Security News > 2022 > November > China is likely stockpiling and deploying vulnerabilities, says Microsoft
Microsoft has asserted that China's offensive cyber capabilities have improved, thanks to a law that has allowed Beijing to create an arsenal of unreported software vulnerabilities.
China's 2021 law required organizations to report security vulnerabilities to local authorities before disclosing them to any other entity.
A year later, researchers from the Atlantic Council found there was a decrease in reported vulnerabilities coming from China - and an increase in anonymous reports.
"The increased use of zero days over the last year from China-based actors likely reflects the first full year of China's vulnerability disclosure requirements for the Chinese security community and a major step in the use of zero-day exploits as a state priority," said [PDF] Microsoft.

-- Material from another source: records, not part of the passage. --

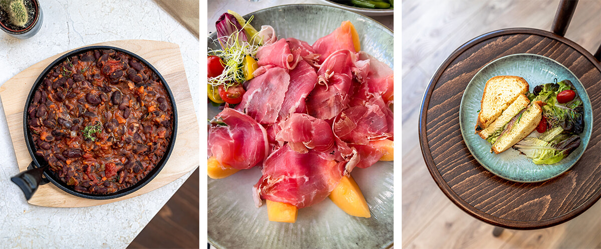 ランチメニューより。ラザニア、スープ、フォカッチャ、サラダ……日によっては生ハムとメロンも。photos:(左・右)Leo Kharfan、(中)Mariko Omura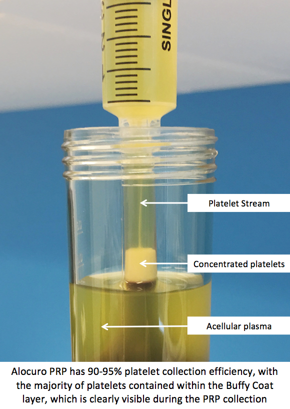 “The PRP is platelet-rich plasma and contains over 90% of the platelets available for collection from the whole blood sample. Only the white cell depleted PRP is used.”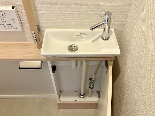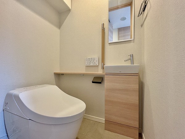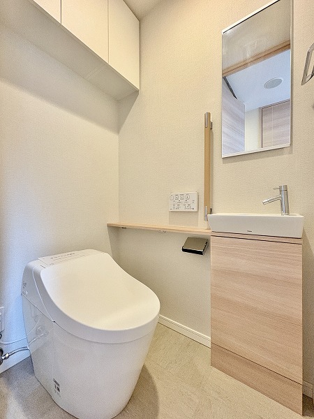 トイレはタンクレスで、お手入れがしやすそう✧独立した手洗い場が備わっていて、贅沢な造りです。鏡も付いているので、お手洗いついでに身だしなみチェックできるのも良いですよね。トイレの備品は吊り棚へどうぞ♪

Microsoft listed several vulnerabilities it said were first developed and deployed by Chinese actors before they were discovered and adopted by other attackers.
The targeting of 100 accounts affiliated with a prominent Southeast Asia intergovernmental organization by Gallium as the org announced meetings between the US government and regional leaders; Malware from Gadolinium on Solomon Islands government systems and malicious code from Radiumon in Papua New Guinea's telecommunications networks - both likely for intelligence collection purposes as Solomon Islands and China entered a military agreement; Campaigns targeting nations across the global South in line with its Belt and Road Initiative, including Namibia, Mauritius, and Trinidad and Tobago, among others, even as China considers countries like Trinidad and Tobago important partners in the region.